#include <stdio.h>
#include <vector>
#include <algorithm>
#include <map>
using namespace std;
typedef struct Edge { //边结点的信息
char u;
char v;
int weight;
Edge(char u1, char v1, int weight1) { //构造函数
u = u1;
v = v1;
weight = weight1;
}
};
map<char, char>
father; //字符/字符串作为顶点编号需要用map才能实现!
char FindDisjointSet(char u) { //压缩路径查找和初始化一起进行
if (father.find(u) != father.end()) { // u结点的已经初始化的情况下
if (father[u] != u) { //非根结点
father[u] = FindDisjointSet(
father[u]); //将当前结点的父结点直接指向当前集合的根!
}
} else { // u结点的未初始化的情况下 其父亲结点等于本身
father[u] = u;
}
return father[u]; //返回u结点的父节点(根)
}
void UnionDisjointSet(char u, char v) { //将结点v合并到结点u 顶点
char uroot = FindDisjointSet(u); //寻找u的根(最上面的祖先结点)
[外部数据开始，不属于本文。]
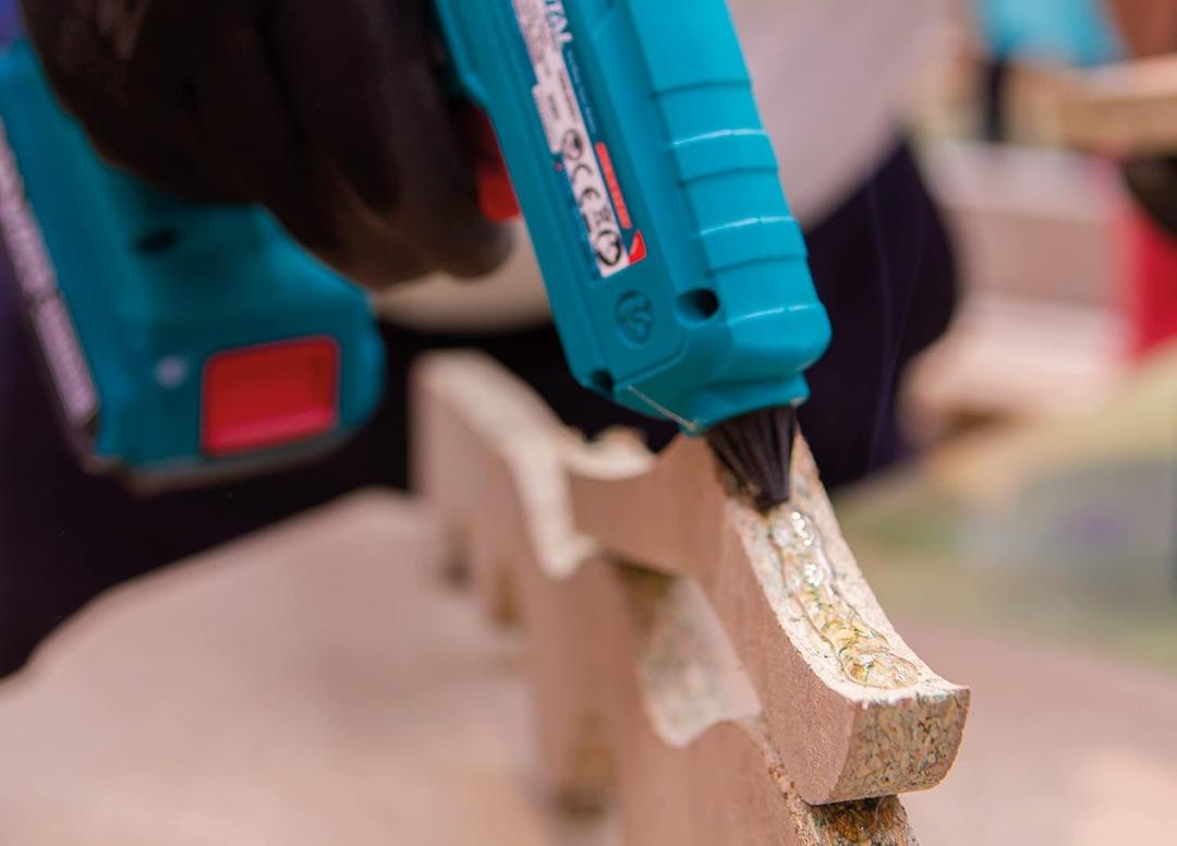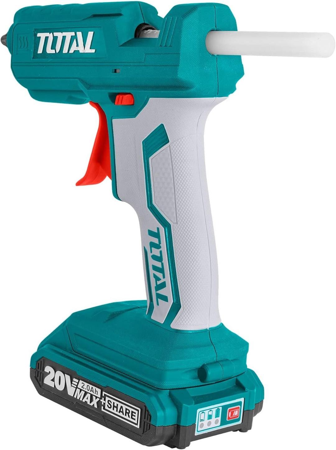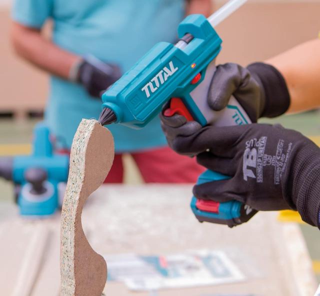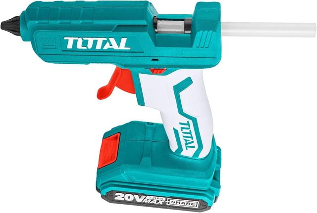 The Total 20V battery-powered glue gun is capable of bonding a range of different substrates including paper, rubber, ceramics, metals, plastics, glass, wood and more, and is also used in a wide variety of applications in many industries, for use in household and industrial processes.
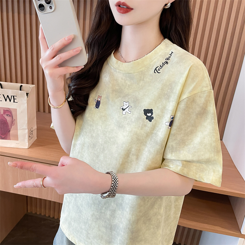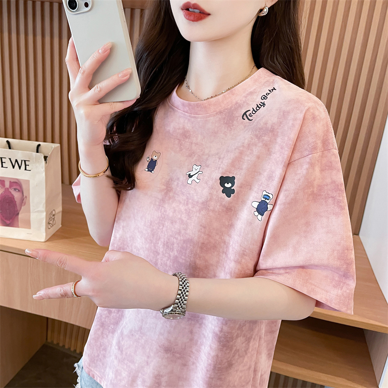 扎染纯棉短袖t恤女夏季韩版宽松大码女装设计感小众百搭半袖上衣
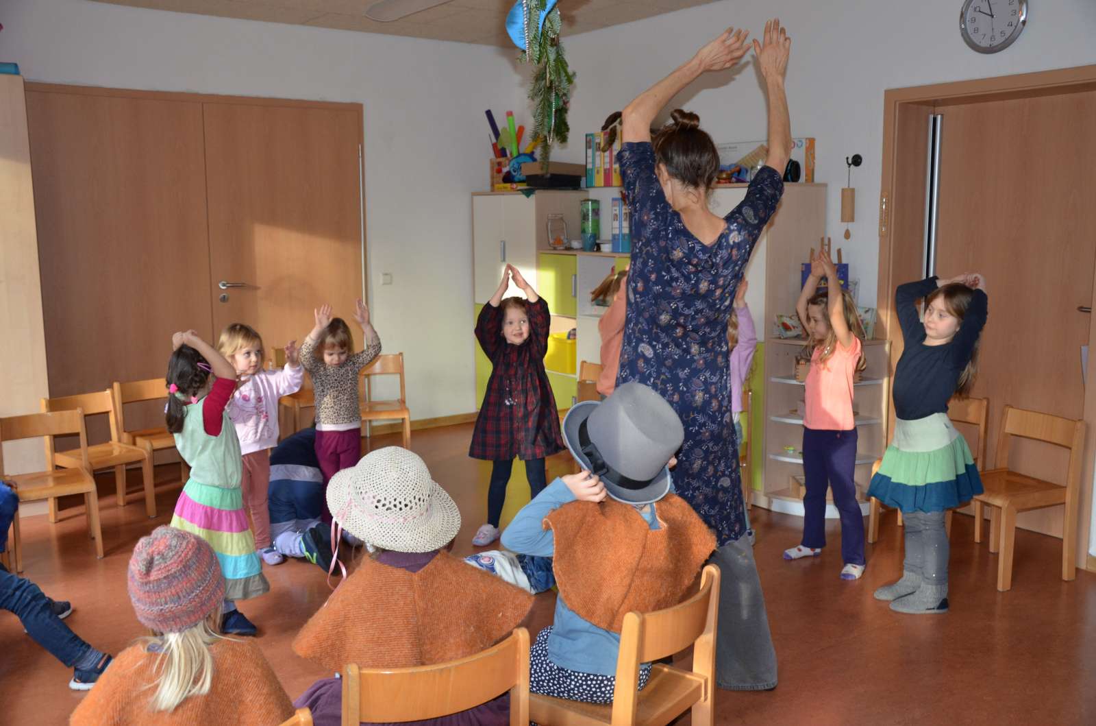 Und natürlich kam auch die Bewegung nicht zu kurz. Bei Schmetterlingstänzen mit Schwungtüchern und bei sportlichen Übungen, z.B. wie eine Raupe kriechen oder sich in einen Kokon einrollen, hatten die Kinder viel Spaß.
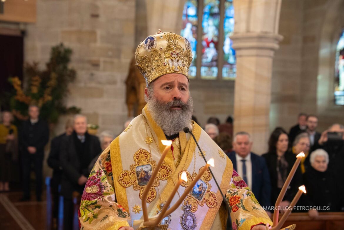 Ο Σεβασμιώτατος Αρχιεπίσκοπος κ.κ. Μακάριος, κατά τη σύντομη προσλαλιά του στο τέλος της Θείας Λειτουργίας, απευθύνθηκε με θερμούς, εγκωμιαστικούς λόγους προς τον π. John Behr και τον ευχαρίστησε για την επίσκεψη του στο Σύδνεϋ και τη συμμετοχή του στο Διεθνές Επιστημονικό Συνέδριο για την Α’ Οικουμενική Σύνοδο, το οποίο διοργάνωσε η Θεολογική Σχολή του Αποστόλου Ανδρέου κατά το διήμερο 22 και 23 Αυγούστου. «Είναι μεγάλη τιμή για εμάς, που σας έχουμε μαζί μας», ανέφερε εμφατικά ο Σεβασμιώτατος, απευθυνόμενος στον διακεκριμένο Θεολόγο, ενώ του προσέφερε έναν επιστήθιο σταυρό, σε ένδειξη ευγνωμοσύνης για τη σταθερή υποστήριξή του προς τη Θεολογική Σχολή της Ιεράς Αρχιεπισκοπής Αυστραλίας.
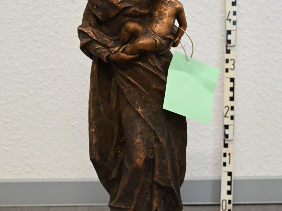 Emmerich am Rhein - Am Samstag (25. Oktober 2025) meldeten sich mehrere Kinder auf der Polizeiwache Emmerich und teilten mit, dass in einem Waldstück am Diepe Kuhweg in Emmerich eine schwere Bronzefigur liegen würde. Diese wurde anschließend durch Polizeibeamte aufgefunden und sichergestellt. Die Figur lag möglicherweise schon mehrere Monate dort. Die bisherigen Ermittlungen der Kriminalpolizei in Emmerich führten bisher nicht dazu, dass die Herkunft ermittelt werden konnte. Auch ist nicht bekannt, ob es sich bei der etwa 60 cm großen Frauenfigur, die ein kleines Kind in den Armen hält, um einen sakralen Gegenstand aus einer Kirche (eventuell eine Darstellung von Maria mit dem Jesuskind), Grabschmuck oder einen sonstigen, profanen Gegenstand handelt. Daher bittet die Polizei um Hinweise von Zeugen, die Angaben zur Herkunft der Figur machen können. Hinweise bitte unter Telefon 02822 7830. (sp)
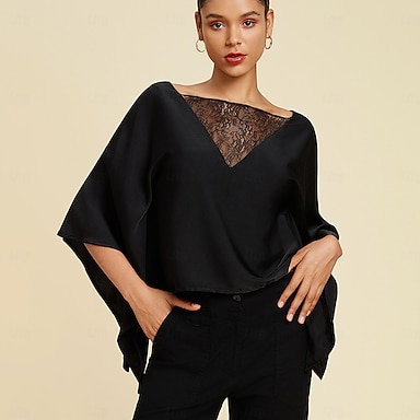 pantalon large en satin à ourlet arrondi et jambes croisées, idéal pour une escapade estivale
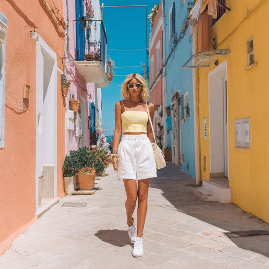 High-waisted linen shorts with a breezy crop top work equally well for beach towns and city exploring, offering comfort without sacrificing style.
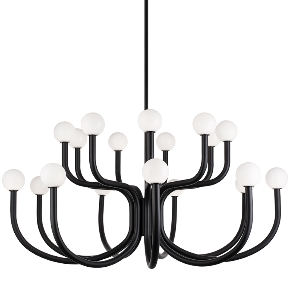 With flowing arms featuring round Opal glass, the Joelle incorporates a mix of style and elegance that could enhance the visual impact. Finishes include chandeliers and wall sconces in Aged Gold Brass and Matte Black.
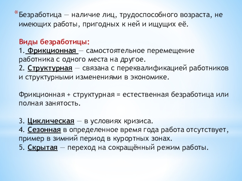 Слайд 14Безработица — наличие лиц, трудоспособного возраста, не имеющих работы, пригодных к
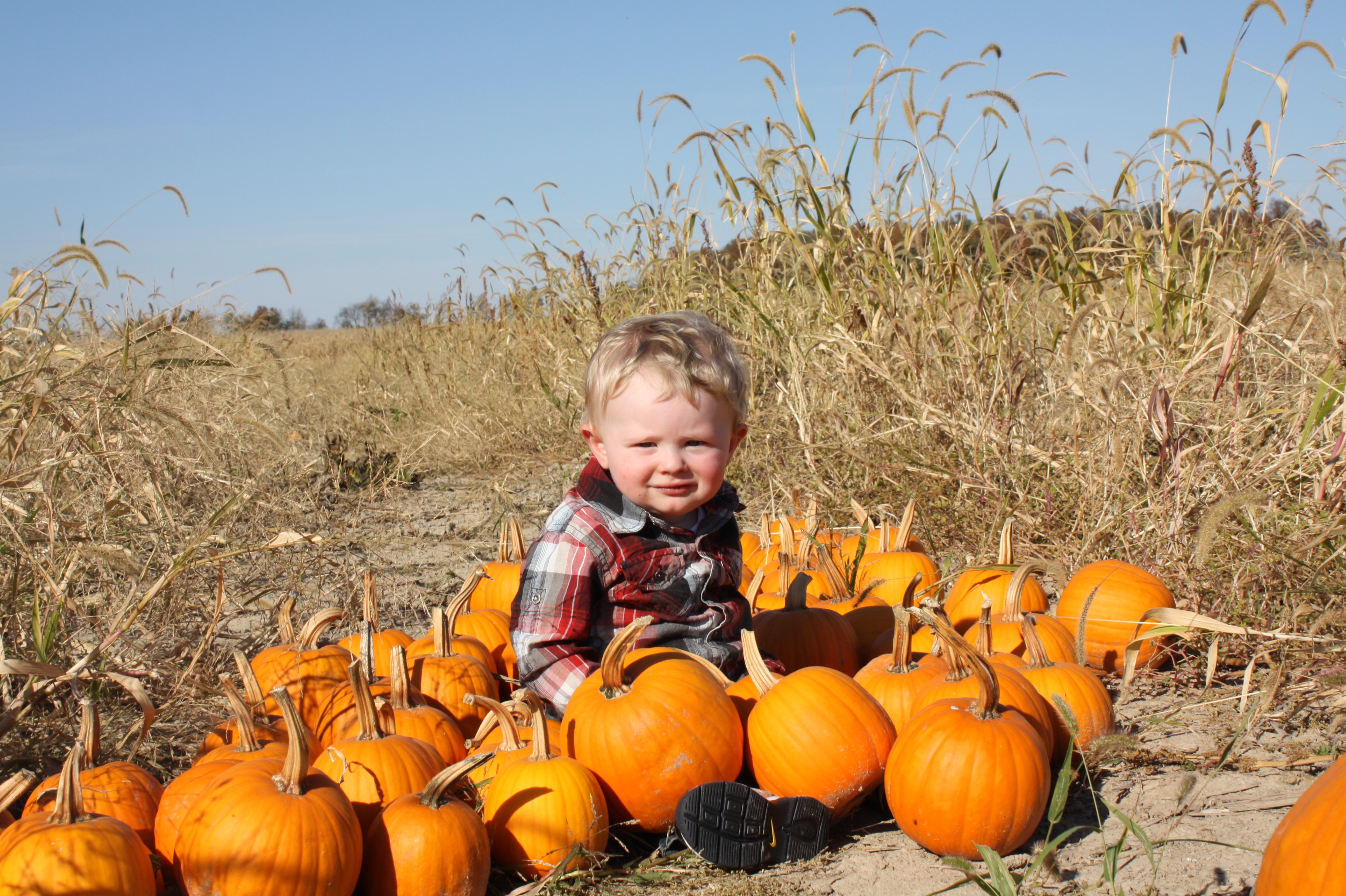 It just so happens that we have some good friends who live on a family farm. Devin and Nancy Bell live on Clear Weather Farm and primarily grow corn and soybeans, but also have a pumpkin patch and a small herd of dairy cows. We visited the pumpkin patch and picked out a few for Blue, but it was the cows that stole the show.
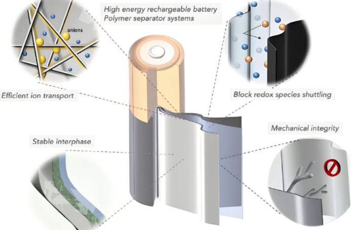 电池隔膜是锂离子电池中的关键内层组件,虽不直接参与电化学反应,却起着隔绝正负极防止短路、同时允许锂离子自由通过以形成闭合回路的核心作用,其微观结构和界面特性直接影响电池的离子电导率、循环稳定性以及安全性。当前商业化应用最广泛的是聚丙烯(PP)和聚乙烯(PE)等聚烯烃类隔膜,虽具有机械强度适中、电化学稳定、成本较低等优点,但其热稳定性差、对电解液浸润性不佳的本征缺陷日益成为制约高能量密度电池发展的瓶颈。
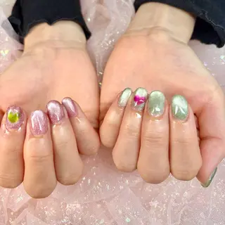 限定クーポン有り🉐当日予約歓迎✨オテテとオメメをオ可愛くしちゃうお店❤️高リピート率✨大人気マグネットネイル✨フラッシュラメ📷💥有 スカルプ長さだし可能/パラジェル変更可能
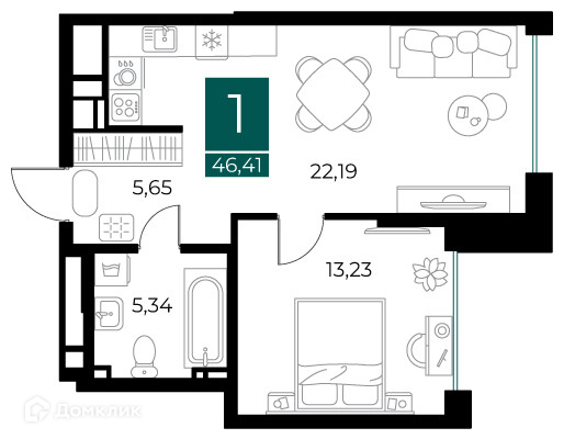 • Площадь - 46.41 м²
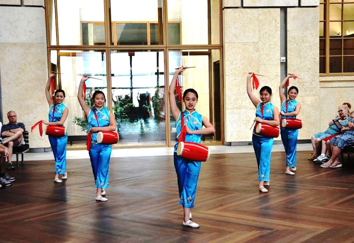 法轮功学员组成的腰鼓队受邀巧固球联合总部,庆祝落成揭幕典礼演出

char vroot = FindDisjointSet(v);//寻找v的根(最上面的祖先结点)
father[vroot] = uroot; //v的父亲结点指向u结点
}
bool compare( Edge lhs, Edge rhs) { //按权值进行排序
return lhs.weight < rhs.weight;
}
int main() {
int n ;
while (scanf("%d", &n) != EOF) {
if ( n == 0 ) {
break;
}
father.clear(); //每次重新开始后father哈希表的数据要清空需重新初始化!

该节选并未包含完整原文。